BSIs that were secondary to SSTIs or LRTIs were included in Table 2 as both sites of infection, but only once in the total column. Many BSIs occurred simultaneously with infections of other sites not included in this analysis, such as bone and joint infections. Together, SSTIs, LRTIs and BSIs accounted for nearly all patients.
Incidence varied greatly by region. The Alice Springs region had the highest rates, with an incidence of inpatient SSTIs four times that of the Top End. The Top End had second highest rates, with incidences over three-fold that of its neighbor, Queensland. The southern-most regions of the ACT, Victoria and Tasmania experienced low incidences of CO-MRSA BSIs. The proportions of infection at each anatomical site in Queensland were similar to the proportions in Alice Springs.
Consistent with previous studies a higher incidence of CO-MRSA was observed for locations with a higher proportion of people identifying as Indigenous, those with more socio-economic disadvantage, and those living in more remote locations [15, 37, 38].
Outpatient populations
The incidence of CO-MRSA infections that were not hospitalized is shown in Table 3. The sources of data on infections treated as outpatients were variously from private community pathology services, state coordinated pathology laboratories or a hospital pathology service.
Although limited, the outpatient data suggests similar geographical trends to those observed in inpatients; specifically: high incidence in NT and Alice Springs, moderate in Queensland and relatively low in Melbourne and Tasmania. Most outpatient CO-MRSA cases detected were SSTIs.
Emergency department
All presentations of MRSA to ED were considered CO. Only three papers offered data on presentations of MRSA to emergency departments. In regional NSW in 2004, the incidence of CO-MRSA in skin abscesses presenting to ED was 80 / 100,000 person-years. [39] At The Alfred Hospital in Melbourne between 2003 and 2011, the average incidence was 0.6 / 100,000 person-years. [40] The incidence of CO-MRSA presenting to ED in the Top End was 29 / 100,000 person-years in 2006–7. [15] This estimate required the assumption that all nosocomial cases and colonizations detected were included in the percentage reported as hospitalizations. It was also assumed that those not hospitalized had presented to ED.
Pathways to seek care
Methicillin resistance is only identifiable by pathology services and so all data used were from or linked to pathology databases. The multiplicity of care-seeking behaviors resulted in some patients’ infections being detected by a pathology service that did not reflect their admission status or being registered by more than one pathology laboratory. Some data coming from hospital pathology laboratories are from patients presenting to and receiving treatment in primary care.

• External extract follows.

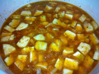 Cтавим кастрюлю на огонь, вливаем бульон, чтобы только покрыть овощи, и варим около 40-45 мин. на среднем огне, после того добавляем фасоль и варим еще 15 мин. |

Similarly, some patients whose infections were identified by community pathology services were admitted.
Assuming all BSIs are hospitalized, slightly less than half of all CO-MRSA BSIs in Melbourne initially presented to ED, based on the incidences above.
Incidence over time
Some incidence data were available for multiple time points. A study by Tong and colleagues [17] gave outpatient incidences at multiple time points in NT (S. Tong, personal communication, January 20, 2016), as shown in Fig. 3. Figure 4 presents the incidence at different time points of BSIs in Queensland, [13, 14, 35] Victoria, [18] and Tasmania [32]. Additionally, the incidence of all CO-MRSA infections in Tasmania increased from 39 in 2008 to 49 /100000 person-years in 2009. Except for BSIs in Tasmania, there appears to be an increasing trend with time in the incidence of CO-MRSA infections, both in inpatient and outpatient cases.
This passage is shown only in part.